Safety indicators for the neighborhood sit below the national median, and performance is also below the metro median among 595 San Antonio–area neighborhoods. WDSuite’s data show property offenses trending down year over year, while violent offense estimates have risen, resulting in a mixed near-term picture. Investors commonly address this through practical measures such as lighting, access controls, and partnerships with local patrol services to support resident confidence and retention.

Proximity to Major Employers

Proximity to major employers in energy, financial services, and media supports a broad commuter tenant base and helps stabilize leasing velocity. Nearby anchors include Valero and multiple USAA facilities, with IHeartMedia extending the employment draw.
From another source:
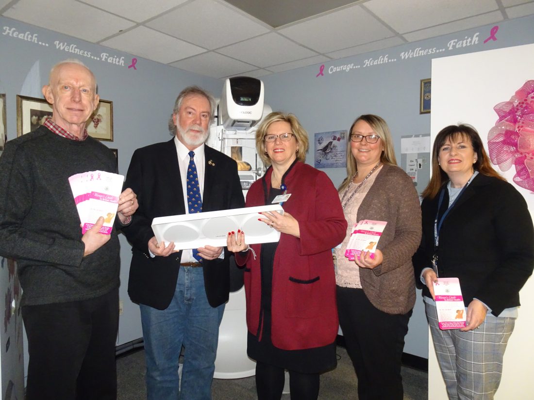 WESTFIELD — Representatives of the Rotary Club of Westfield-Mayville and the Allegheny Health Network / Westfield Memorial Hospital (AHN/WMH) gathered in the mammography suite of AHN/WMH in Westfield on Feb. 3 for a presentation of items provided by this Rotary club for the hospital staff to use with some of its patients. Specifically, the contributions included two sets of three breast self-examination (BSE) models, and 1,000 shower cards which provide BSE instruction and information.

  • Valero Energy — energy (4.3 miles) — HQ
  • USAA Federal Savings Bank — financial services (4.8 miles)
  • Usaa Ops Building — financial services operations (5.0 miles)
  • Usaa — financial services (5.1 miles) — HQ
  • Iheartmedia — media (11.3 miles) — HQ
Why invest?

The investment case centers on stable neighborhood occupancy, strong daily-needs access, and proximity to blue-chip employers that broaden the renter pool. Constructed in 2003, the property is slightly older than the neighborhood’s average vintage, presenting an avenue for targeted value-add and modernization to sharpen competitive positioning versus early-2000s peers.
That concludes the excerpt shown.